El señor Robinson bajó la voz para añadir, inclinándose sobre su mesa de despacho:


Mary Jordan era uno de nuestros agentes
.

LIBRO III
Capítulo I
-
Mary Jordan

—Pero... eso lo altera todo —dijo Tuppence.

—Si —respondióTommy—. Me produjo... me produjo una gran impresión.

—¿Por qué te lo dijo?

—No lo sé. Pensé que... Encontré dos o tres razones...

—¿Cómo es él, Tommy? No me has indicado nada sobre su aspecto.

—Es un hombre grande, fornido, de aspecto corriente. Pero al mismo tiempo hay en su persona cierto aire especial, que lo distingue. Es... Bueno, es lo que mi amigo me dijo: se mueve constantemente por las altas esferas.

—Yo me pregunto: ¿por qué? ¿Por qué se condujo así, Tommy? Seguramente, te reveló algo que él verdaderamente hubiera preferido silenciar.

—Todo fue hace mucho tiempo —manifestó Tommy—. Todo quedó atrás, ¿comprendes? Supongo que nada de aquello cuenta hoy ya. Fíjate, por ejemplo, en las cosas que cada día nos son reveladas ahora. Salen de los armarios. Nadie silencia ciertos datos ya. Se cuenta al público lo que realmente sucedió en determinadas circunstancias. Se da a conocer lo que una persona escribió, lo que otra dijo; se explica el motivo de una riña, la forma en que fue silenciado un detalle, por el hecho de basarse en algo que nadie conoció...

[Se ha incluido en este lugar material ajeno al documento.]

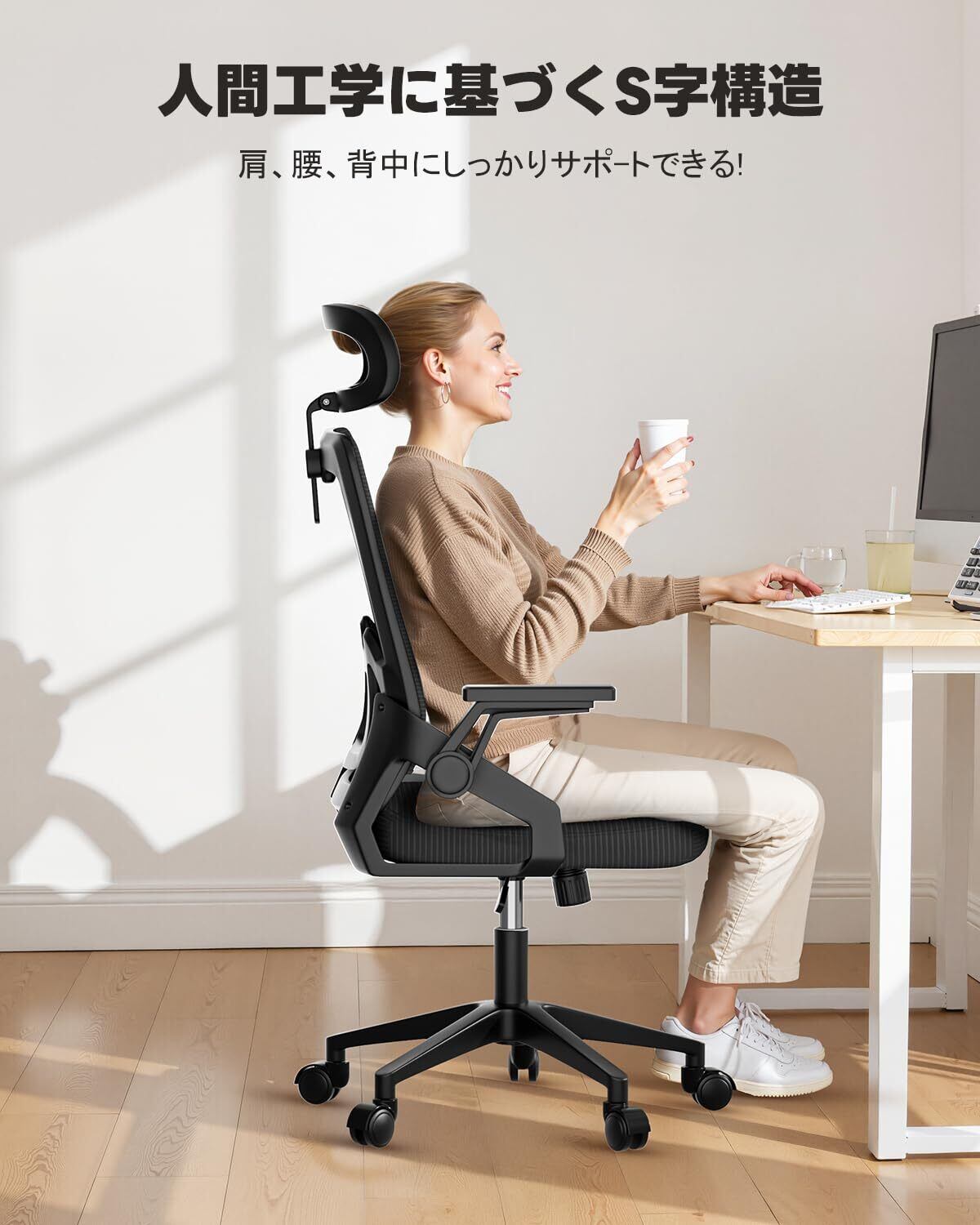 ■【長時間の作業でも疲れにくい人間工学設計!】このオフィスチェアは、人間工学に基づいたデザインで、首や腰をしっかりサポートします。跳ね上げアームと3D調整ヘッドレストを備えており、あなた自身のスタイルに合わせて調整可能です。快適な姿勢を保ちながら、作業効率もアップします!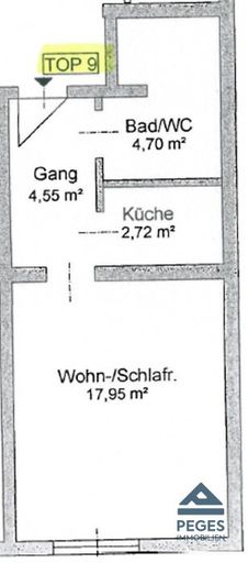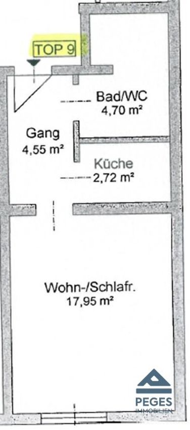 Räumliche Einteilung: Vorraum, Badezimmer (mit Dusche und WM-Anschluss)/ WC, Küche, Wohn-/Schlafraum; Kellerabteil
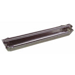Free-spinning reel on top makes it difficult (if not impossible) for chickens and other birds to roost on this feeder. Snap-in reel makes filling and cleaning easy. Curved lip on both sides helps reduce feed waste. Made of heavy-gauge galvanized steel for years of service, with rolled edges for safety. Measures 18.5 inch long by 4 inch wide by 2.5 inch high.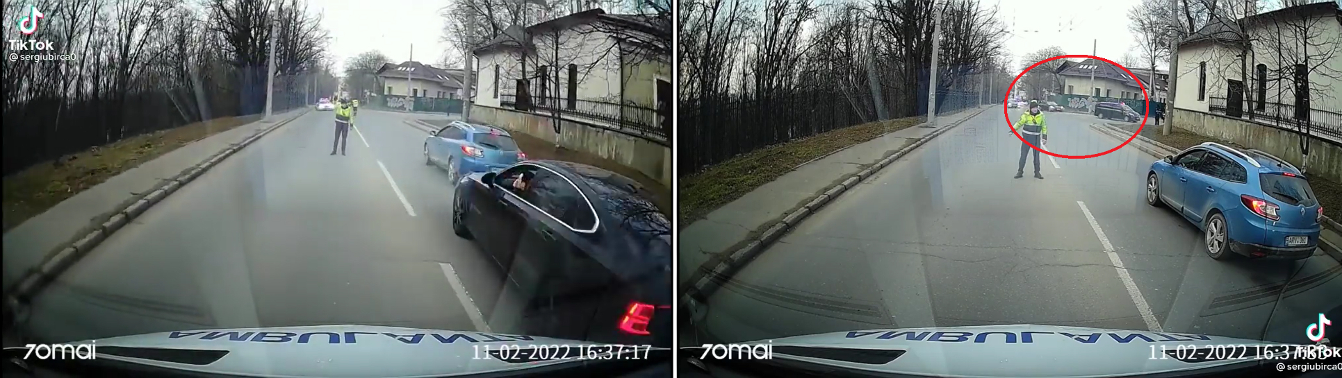 "Скорая" с включенными сиренами и мигалкой, которая, вероятно, спешила на вызов, однако были остановлена полицейский. После того, как "карета" медиков остановила, на перекрестке проехала колонна румынских министров, которые спешили на совместное заседание со своими молдавскими коллегами.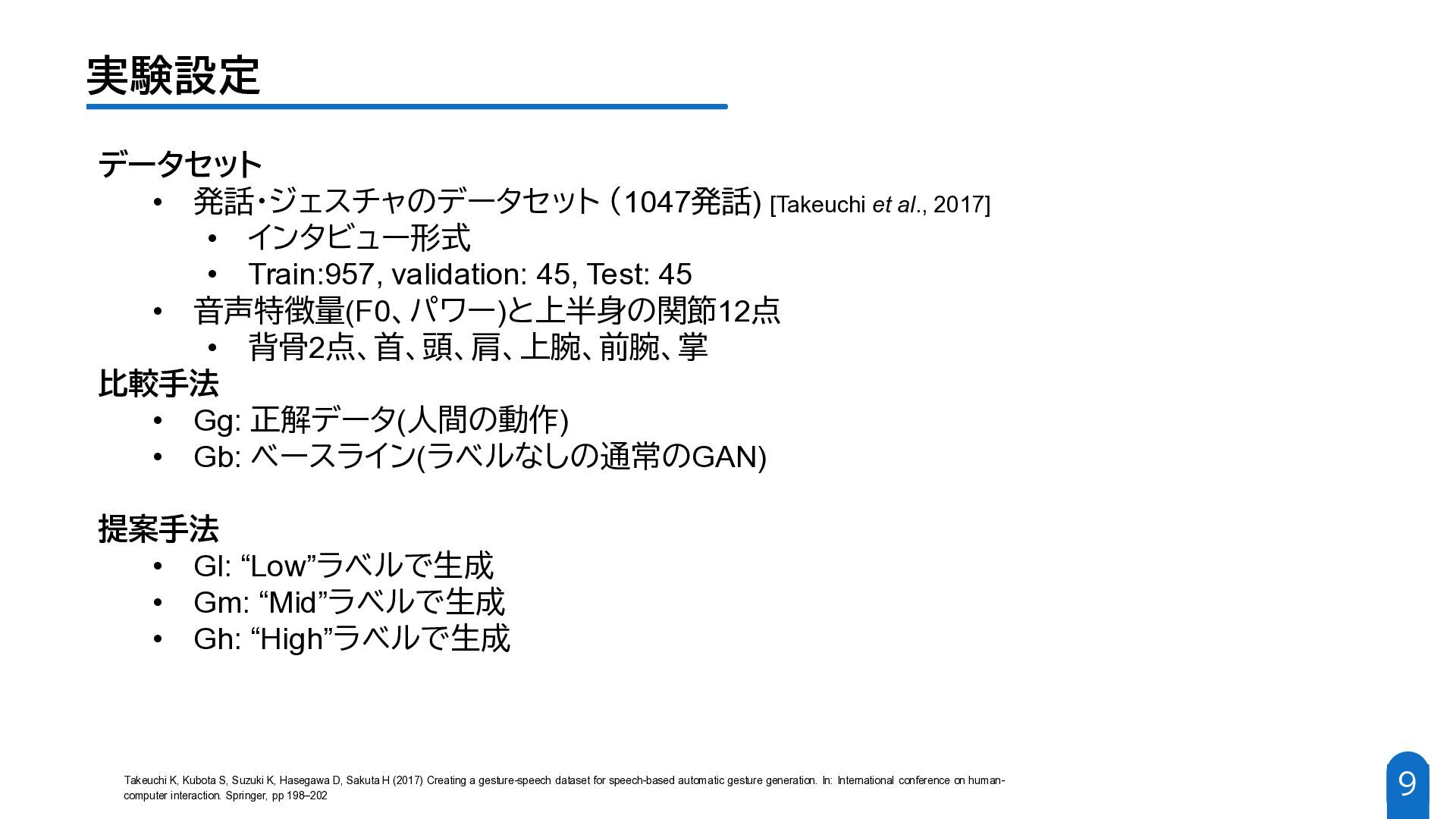 • インタビュー形式 • Train:957, validation: 45, Test: 45 • 音声特徴量(F0、パワー)と上半身の関節12点 • 背骨2点、首、頭、肩、上腕、前腕、掌 比較手法 • Gg: 正解データ(人間の動作) • Gb: ベースライン(ラベルなしの通常のGAN) 提案手法 • Gl: “Low”ラベルで生成 • Gm: “Mid”ラベルで生成 • Gh: “High”ラベルで生成 Takeuchi K, Kubota S, Suzuki K, Hasegawa D, Sakuta H (2017) Creating a gesture-speech dataset for speech-based automatic gesture generation. In: International conference on human- computer interaction. Springer, pp 198–202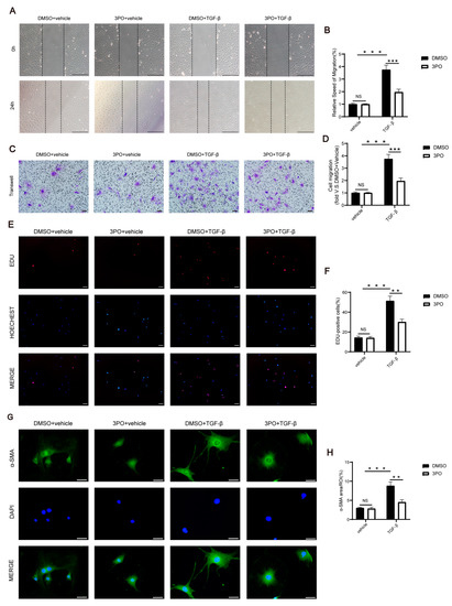 3.6. 3PO Mitigates the Migration, Proliferation, and Activation of CFs Induced by TGF-β1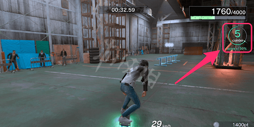 COMBO越多得分越高,最好不要斷。完成技巧之後在右上會有圓形的倒計時,需要在倒計時結束前進行下一個技巧才能連上combo。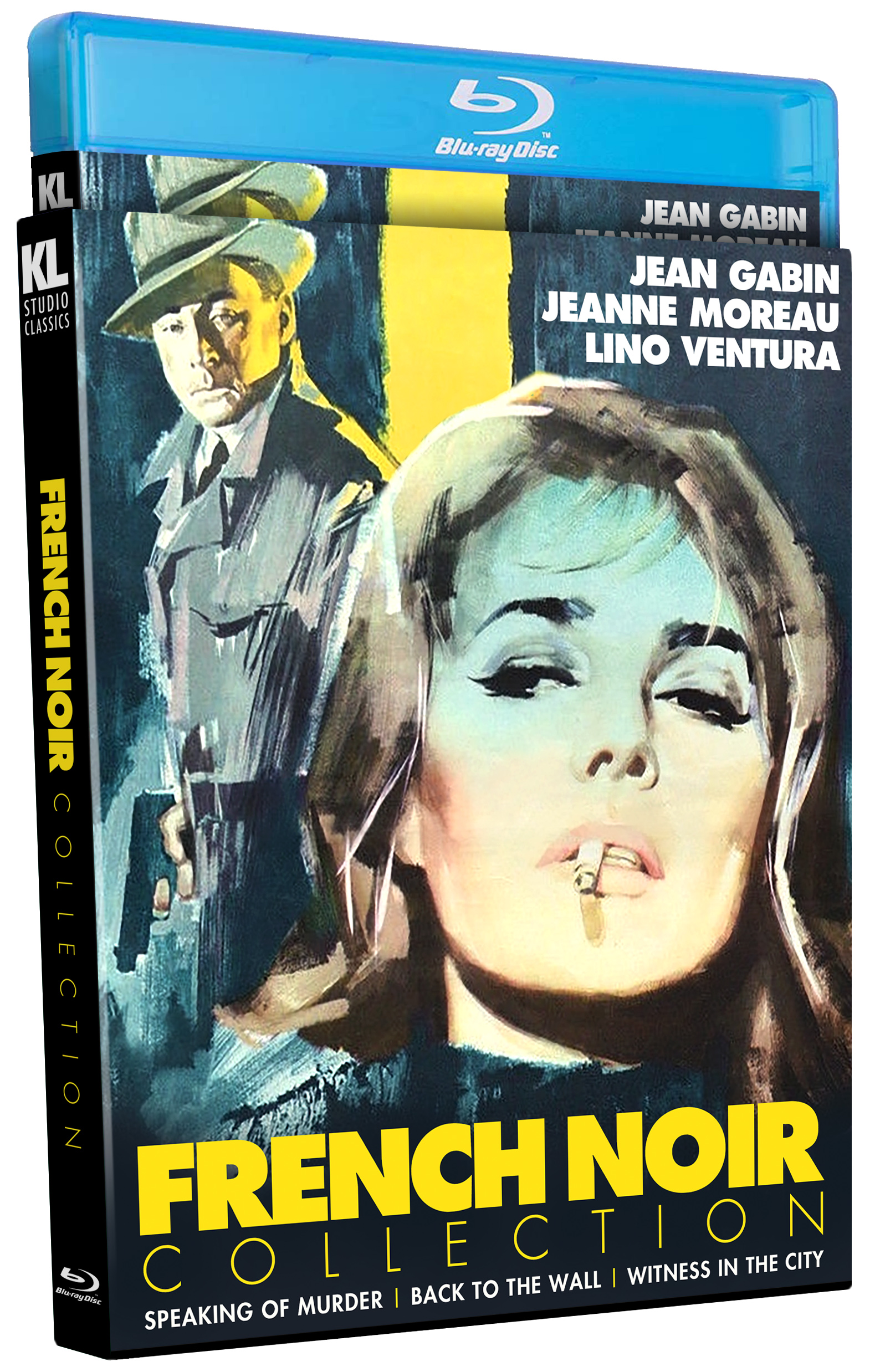 This collection features three film noir classics from France. SPEAKING OF MURDER (1957) a.k.a. LE ROUGE EST MIS – From acclaimed crime writer Auguste Le Breton (Rififi, Bob Le Flambeur) comes this gripping noir thriller starring cinema icon Jean Gabin (Rififi in Paris, The Sicilian Clan). Louis Bertain (Gabin) is the owner of a Paris garage which serves as a front for a gang of thieves. He and his accomplices are careful to keep up a civic veneer by day, indulging in criminal activities only when “the red light is on” at night. This status quo is upset when one of the gang members becomes convinced that Louis’ younger brother is a police informer. Featuring taut direction from Gilles Grangier (The Night Affair) and excellent supporting turns by Paul Frankeur (Touchez Pas Au Grisbi), Marcel Bozzuffi (Illustrious Corpses), Lino Ventura (The Valachi Papers) and Annie Girardot (Maigret Sets a Trap). BACK TO THE WALL (1958) a.k.a. LE DOS AU MUR – Screen legend Jeanne Moreau (Elevator to the Gallows, Seven Days... Seven Nights) stars in this twisty, mood-drenched film noir from acclaimed crime writer Frédéric Dard (Rendezvous). When wealthy industrialist Jacques Decrey (Gérard Oury, Sea Devils) discovers that his wife (Moreau) is having an affair with a young actor, he decides to exact revenge by blackmailing her under an assumed identity. In the film’s bravura introductory sequence, we witness Jacques meticulously disposing of a corpse—just a taste of the pitch-black intrigue to follow in director Édouard Molinaro’s (Witness in the City) stylish tour de force, featuring dazzling black-and-white cinematography. Co-starring Philippe Nicaud (The Mysterious Island) and Claire Maurier (The 400 Blows). WITNESS IN THE CITY (1959) a.k.a. UN TÉMOIN DANS LA VILLE – Based on a novel by the legendary Thomas Narcejac (Diabolique, Vertigo, Eyes Without a Face), this dark tale of vengeance stars the great Lino Ventura (Razzia Sur La Chnouf, A Pain in the Ass) in an early leading role. Industrialist Pierre Verdier kills his mistress Jeanne Ancelin by throwing her off a train. Her husband (Ventura) decides to take revenge on his wife’s murderer, who has been acquitted by justice. Directed by Édouard Molinaro (Back to the Wall) and shot by Henri Decaë (Diabolically Yours), Witness in the City is a pulse-pounding film noir set on the grim and gritty streets of Paris. Co-starring Fellini favorites Sandra Milo (8½) and Franco Fabrizi (I Vitelloni), with Jacques Berthier (Shoot First… Ask Questions Later), Daniel Ceccaldi (Rififi in Paris) and Françoise Brion (L’Immortelle). All three films were restored in 2K.

—Haces que me sienta terriblemente confusa cuando te expresas así, Tommy. Todo, además, se convierte para mí en un completo error de esta manera...

—¿Qué quieres decir, Tuppence?

—Me refiero al modo con que hemos estado considerando el asunto... Me explicaré mejor. ¿Qué era lo que deseaba darte a entender?

—Adelante, Tuppence.

—Bien. A lo que iba... Todo es erróneo. Vamos a ver... Nosotros encontramos lo que tú sabes en
La Flecha Negra
y todo estaba claro. Alguien había escrito un mensaje en el libro, probablemente el chico llamado Alexander... Nos decía en aquél que alguien, «uno de nosotros» (esto es, uno de ellos), una persona de la familia, o, simplemente de las que estaban en la casa se las había arreglado para causar la muerte de Mary Jordan... Ignorábamos quién había sido Mary Jordan, lo cual incrementaba nuestro desconcierto.

—Es lógico.

—El desconcierto ha venido siendo mayor en mí que en ti. Yo no he averiguado nada realmente sobre ella. Sólo...

—Sólo que se te figuró una espía alemana, ¿no?

—Así la catalogué. Y di esto por cierto. Pero ahora...

—Ahora —manifestó Tommy— sabemos que no era verdad. Resultó ser precisamente todo lo contrario de una espía alemana.

—Era una espía inglesa.

—Ella debió formar parte de la organización de espionaje inglesa o del servicio de seguridad, como quiera llamársele. Y se presentó aquí con la misión de averiguar algo, referido a... ¿Cómo se llamaba? Me gustaría tener mejor memoria para los nombres. Estoy pensando en el oficial de la Armada o del Ejército, el que vendió el secreto del submarino o lo que fuera. Sí. Supongo que aquí se congregaron unos cuantos agentes alemanes, quienes andaban muy ocupados con sus proyectos.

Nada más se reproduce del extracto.